The South African Children's Home (Suid-Afrikaanse Weeshuis) was a building on the end of Long Street in Cape Town. It housed the only orphanage in South Africa from its foundation in 1815 until 1923. It was the home of South African College from 1829 to 1841. After the Children's Home left the building, it was changed and dismantled piece by piece until the last remnants - part of a modern red brick building - were demolished in November 1981.

== Background ==
A wealthy widow named Margaretha Anna Moller (1743-1815) petitioned the Cape Colony government early in the 19th century to build a home for old, sick, and needy women. She contributed money to establish the home. The government offered a piece of land on the end of Long Street, just west of the land that would later house St. Martin's Evangelical Lutheran Church. Moller contributed from time to time starting in 1808, and within five years, the board had accumulated £3,500 for construction, mostly from her. Another factor led to the construction of the home, namely some elderly women living on the funds collected.

== Orphanage founded ==
A few years later, Moller decided to earmark £1,200 to founding an orphanage, using land intended for the Old Women's Home. Governor of the Cape of Good Hope Du Pré Alexander, 2nd Earl of Caledon (1807-1811) was particularly enthusiastic about the plan and contributed 5,000 Dutch rijksdaalders of his own money, while his successor, Lord Charles Somerset, issued an 8,000-riksdaalder loan for construction. The building, designed by the architect Louis Thibault, was completed in little more than a year. Shortly after Thibault's death in November 1815, Rev. Johannes Petrus Serrurier of the Groote Kerk formally opened the building and the orphanage therein. A post-ceremony collection drive netted £160. The widow Moller's contribution that year was no less than £6,000.

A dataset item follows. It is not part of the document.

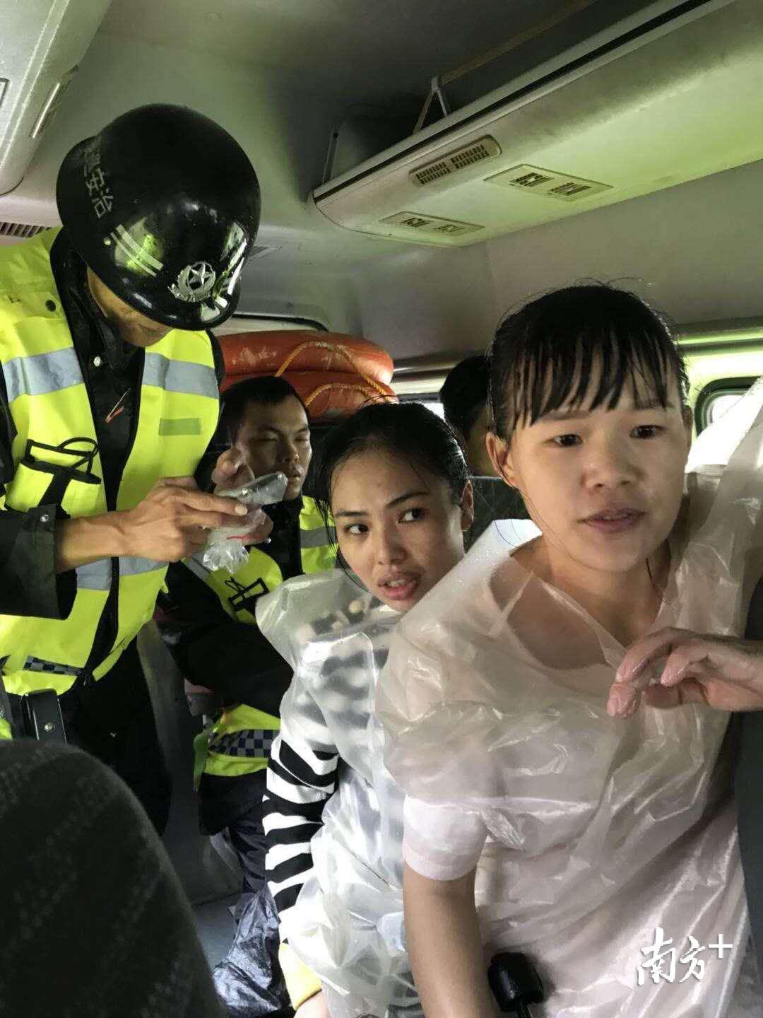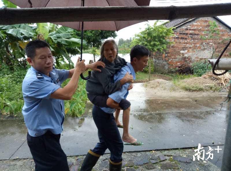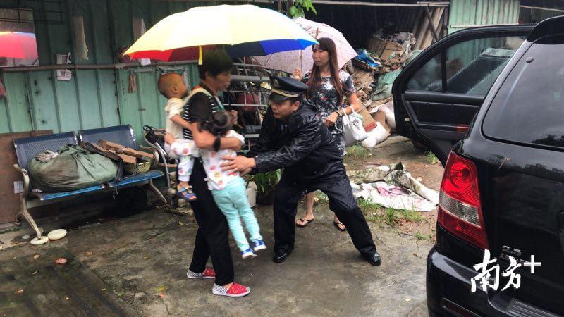 16日,公安局东升分局民警顶着强风,抓紧转移群众。

From the South African College's foundation on October 1, 1829, to the dedication of the Egyptian Building next to Company's Garden on April 13, 1841 (the first building specifically erected for higher education in South Africa), the orphanage shared space with the first institution of higher education on the Cape. However, quarters were crowded and inadequate, to the point that enrollment in the school (which ranged from primary school boys to college students) declined from an original 115 to 16 within a year of the move.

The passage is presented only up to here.